- _EXTRACTED ENTRIES_
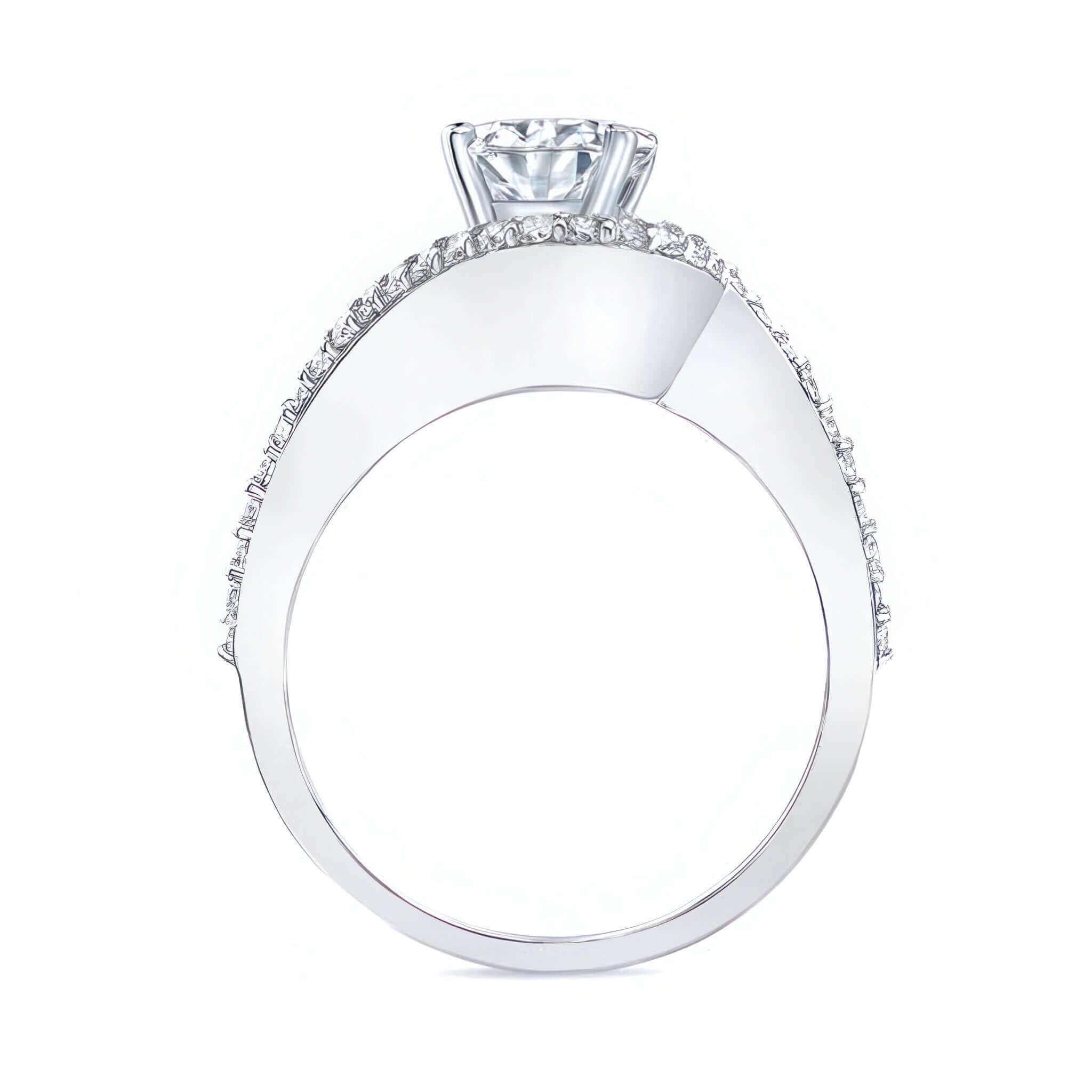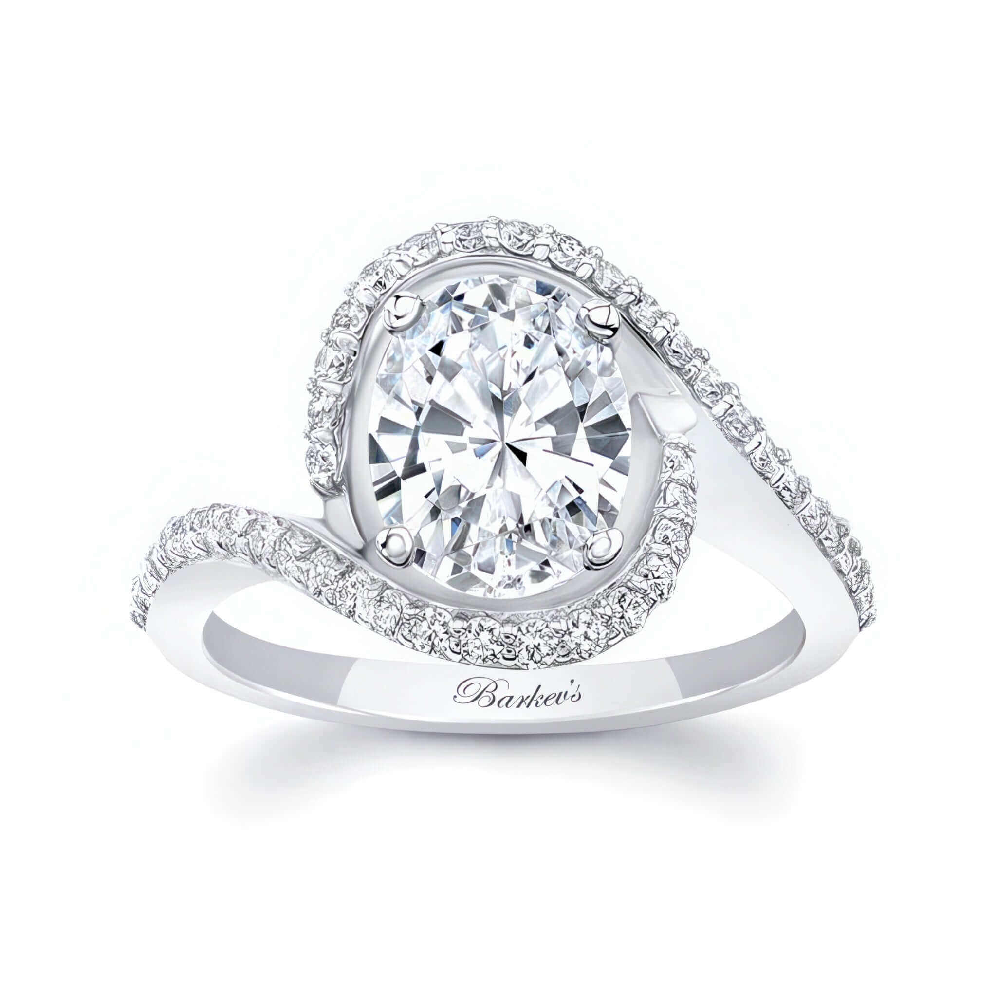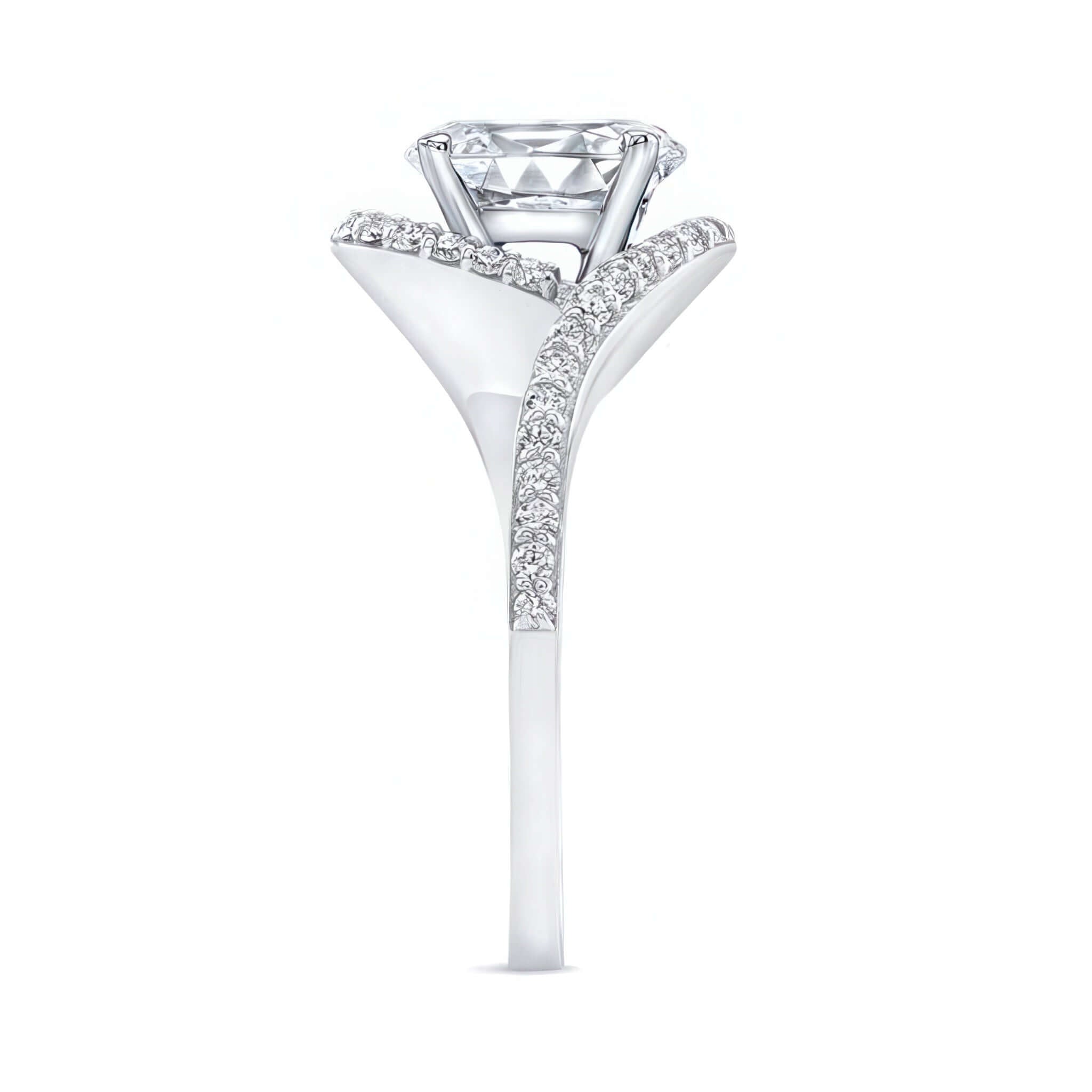 This 2 carat oval moissanite ring features a split shank that curves around the center stone, which is presented in a floating semi halo by pave diamonds that cascade down the shoulders in a swirl.
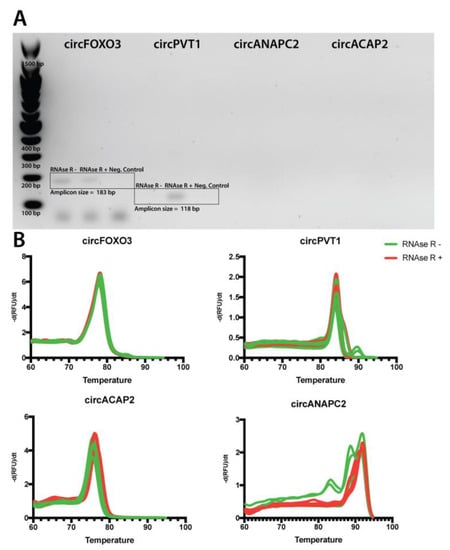 We first confirmed the specificity of the primers using touchdown PCR and demonstrated the size of the resulting amplicons using 2% EtBr-stained agarose gel electrophoresis. We confirmed that the resulting PCR products have the expected size in the case of circFOXO3 (183 bps) and circPVT1 (118 bps), with no other unspecific bands in either RNAse R− or R+ treated samples. Interestingly, the circPVT1 amplicon could not be detected in the RNAse R untreated sample, indicating a post-treatment enrichment of the transcript in the RNA pool. More so, for the pseudo-circRNAs, circANAPC2 and circACAP2, we could not observe any related products indicative of a superficial expression level, undetectable, using EtBr staining. As an additional confirmation, we evaluated the specificity of primers via the melting curve analysis resulting from the qRT-PCR using the cDNA from RNAse R treated and untreated RNA. This indicated a single melting peak in most reactions and replicated. At the same time, in the case of circPVT1 and circANAPC2, amplifications from the RNAse R+ cDNA (Figure 3B) produced more specific melting peaks when compared to the untreated samples. Overall, we confirm the amplification specificity of the primers and indicate that RNAse R treatment can influence circRNA amplification specificity.
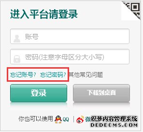 第一步:根據需求,點擊首頁登錄框下方的“忘記賬號”或“忘記密碼”進入;
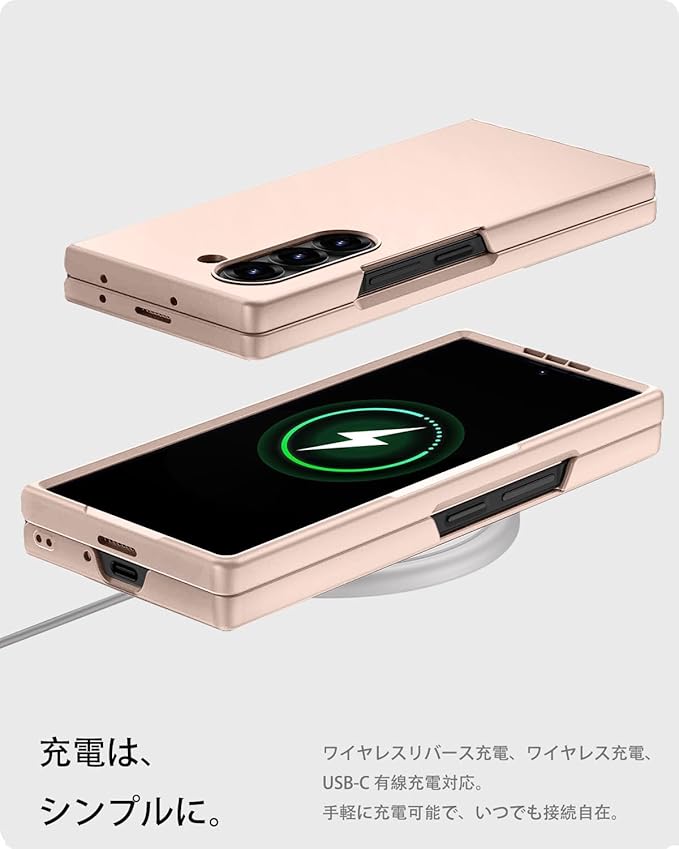 【対応機種】Galaxy Z Fold 7 専用に開発されたケースで、ワイヤレス充電機能を完全サポート。ケースを装着したままでも、充電端子の差し込み、イヤホンの接続、側面ボタンの操作がスムーズに行え、日常の使い勝手を損ないません。
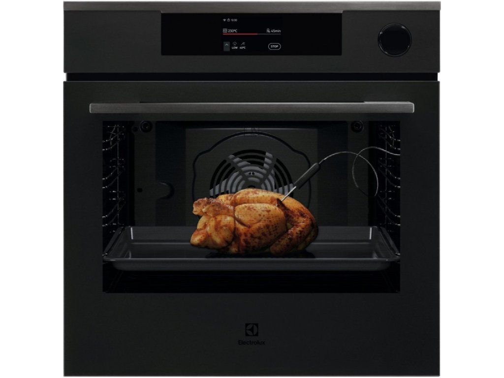 Vestavná trouba Electrolux SteamCrisp s párou, Wi-Fi, TFT displejem, pyrolytickým čištěním, sondou a objemem 72 l v matně černém designu.
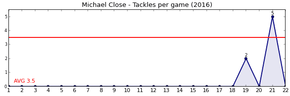| Round | Opponent | Weekly Tackle | Cumulative Tackle | Competition Rank | Weekly Change |
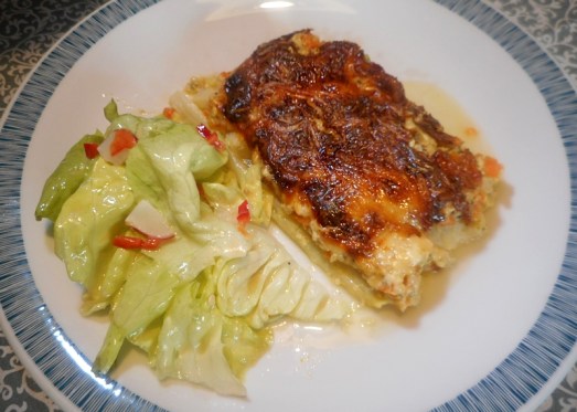 Zutaten: Seefisch, Zucchini, Hörnchen, Speck, Zwiebel, Knoblauch, Dill, Petersilie, Butter, Öl, Salz, Pfeffer
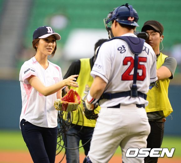 경기에 앞서 XTM 조유영 아나운서가 시구를 마치고 두산 양의지와 인사를 나누고 있다. /jpnews@osen.co.kr
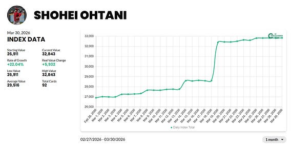 Ohtani's meteoric rise is not slowing down yet. His cards are up another 22% over the last month, per CardLadder.

- _HOW TO COMPLETE THIS TASK_
Find the line that has "Vestavná trouba Electrolux" in the listing, then retype it and each later line up to the last, exactly. Leave pictures out.

- _OUTPUT FOR THIS TASK_
 Vestavná trouba Electrolux SteamCrisp s párou, Wi-Fi, TFT displejem, pyrolytickým čištěním, sondou a objemem 72 l v matně černém designu.
| Round | Opponent | Weekly Tackle | Cumulative Tackle | Competition Rank | Weekly Change |
 Zutaten: Seefisch, Zucchini, Hörnchen, Speck, Zwiebel, Knoblauch, Dill, Petersilie, Butter, Öl, Salz, Pfeffer
 경기에 앞서 XTM 조유영 아나운서가 시구를 마치고 두산 양의지와 인사를 나누고 있다. /jpnews@osen.co.kr
 Ohtani's meteoric rise is not slowing down yet. His cards are up another 22% over the last month, per CardLadder.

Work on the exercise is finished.